I was gently “pushed” into making these sumps by Dave McPherson.
Dave wanted to convert his Homestead to CHOP for all the same reasons as stated above.





The new sump ready to slide under the 585 ltr bed.
The sumps are marine Grade fiber glass 300 ltr capacity.





The remaining three sumps.

We needed one sump for each grow bed.
The sump is 300 ltr capacity and each grow bed dumps approx 170 ltrs on each cycle.
We wanted to be sure that there is enough capacity to hold the individual dump and some more.
The sump needs to have some water in the bottom so that the pump will continue to work.





New pipework.


There was a lot of pipework to be done, and the hard part…digging the trenches for the pipes.
There is the gravity delivery pipes bringing water from the fish tank to each grow bed by gravity.
There is the positive pressure return pipes to bring the water from the sumps back to the fish tank.
Balancing pipes join the sumps to each other.
We have employed two return pumps for this system in order to insure some redundancy.
The pumps are 3500 lph each burning 40 watts of mains power and running 24/7 It would work with just one pump,
but as we have disturbed the gravel grow beds and filled the system directly from the dam,
the water is really dirty, so we want some good vigorous circulation for the next week to clean it up.

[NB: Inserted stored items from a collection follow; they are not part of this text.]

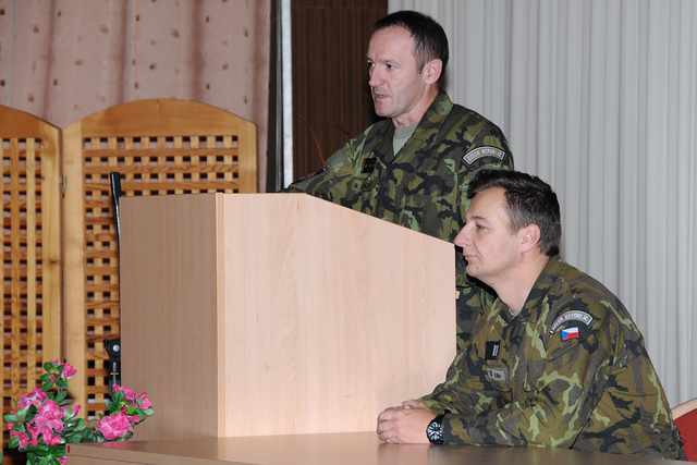 Zástupce velitele VeV-VA plukovník gšt. Rudolf Honzák hovořil k absolventům při slavnostním ukončení kurzu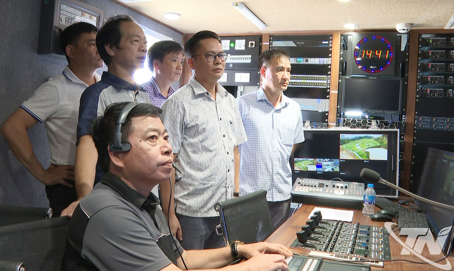 | Lãnh đạo Báo và Phát thanh, Truyền hình Thái Nguyên kiểm tra công tác chuẩn bị kỹ thuật tại một điểm cầu. |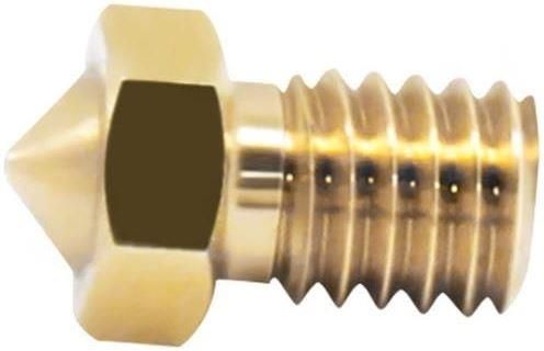 Wysokiej jakości dysza o średnicy otworu 0,4mm. Wykonana z mosiądzu, co sprawia, że jest odporna na wysokie temperatury. Dobrej jakości materiał, który w połączeniu z dużą dokładnością wymiarową produktu oraz gładką głowicą dyszy, dają gwarancję równomiernie rozprowadzonego roztopionego filamentu. Dysza to element końcowy hotendu, odpowiedzialny za rozprowadzenie filamentu na powierzchni stołu. Produkt ma standardowy gwint M6, który pozwala na stabilne mocowanie w hotendzie. Specyfikacja dyszy: ✔️Materiał wykonania: mosiądz ✔️Gwint: M6 ✔️Średnica otworu dyszy: 0,4 mm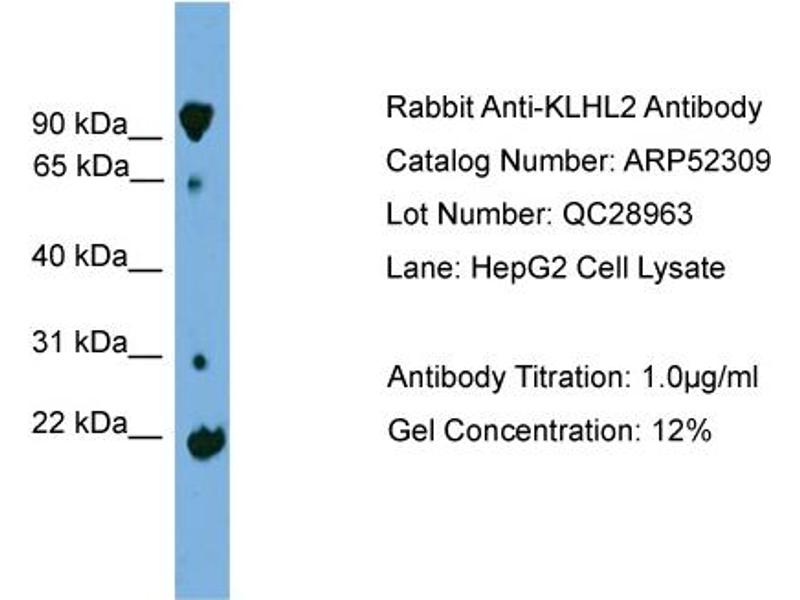 - This is a rabbit polyclonal antibody against KLHL2. It was validated on Western Blot using a cell lysate as a positive control.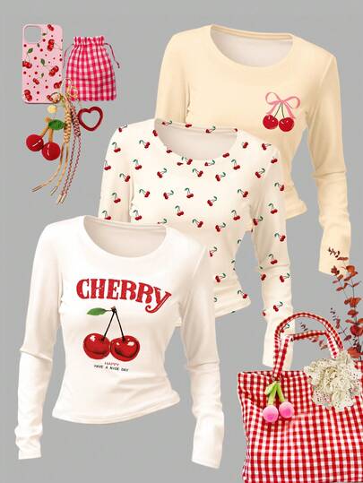 SHEIN Leap Crew 3 件复古迷你樱桃海滩图案 T 恤,多巴胺配色方案,奶油黄,奶油白,复古甜美,少女休闲修身高腰短款长袖 T 恤套装,适合秋冬季、所有季节、返校、音乐节、户外、休闲、街头风格、家居、校园
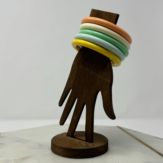Pink Shell Inlay Wood Bangle Bracelet Set of 2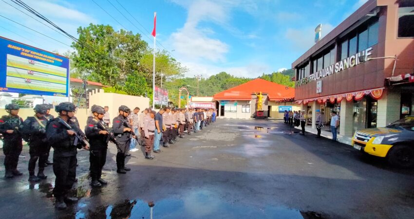 Sangihe – Ekuatornews.com.- Kapolres Kepulauan Sangihe, AKBP Abdul Kholik, S.H., S.I.K., M.A.P., memimpin Apel Kesiapsiagaan pada Kamis (20/2/2025) sebagai bagian dari persiapan pengamanan pelantikan Bupati dan Wakil Bupati Kabupaten Kepulauan Sangihe yang terpilih. Apel ini diikuti oleh Para Kabag,kasat, perwira, Bintara dan BKO Poskotis Brimobda Polda Sulut dan personel kepolisian serta unsur terkait guna memastikan kesiapan dalam menjaga stabilitas keamanan selama proses pelantikan berlangsung. Dalam amanatnya, Kapolres menekankan pentingnya sinergi dan kesiapan seluruh personel dalam menghadapi berbagai potensi gangguan keamanan.

Dug out the old upstand in each bed to install the auto siphon devices.


You will notice that we had to remove the old slow trickle upstand and replace it with an auto siphon device in each bed.
This required a bit of shovelling of the gravel.
Notice the gravel. More that 3 years of continuous operation and no blockage.
A good deal of solids can be seen towards the bottom of the gravel column, but no hint of blockage or poor water flow through the gravel.





A view of the next bed dug out to install the auto siphon upstand.


here is still some work to be done tidying up the greenhouse, re planting the grow beds where we dug up the ends.
I still need to fit an auto top-up valve to one of the sumps to keep the system automatically topped up from my 2300 ltr reserve water tank.
I have it connected to the DUO system and it is great not to have to worry about topping up the system.

Having now moved all my systems to CHOP there is no turning back.
The old way of having two pumps, one in the fish tank and one in the sump, timers and / or float switches in ancient
stuff.

All our manufactured systems operate on the CHOP principle.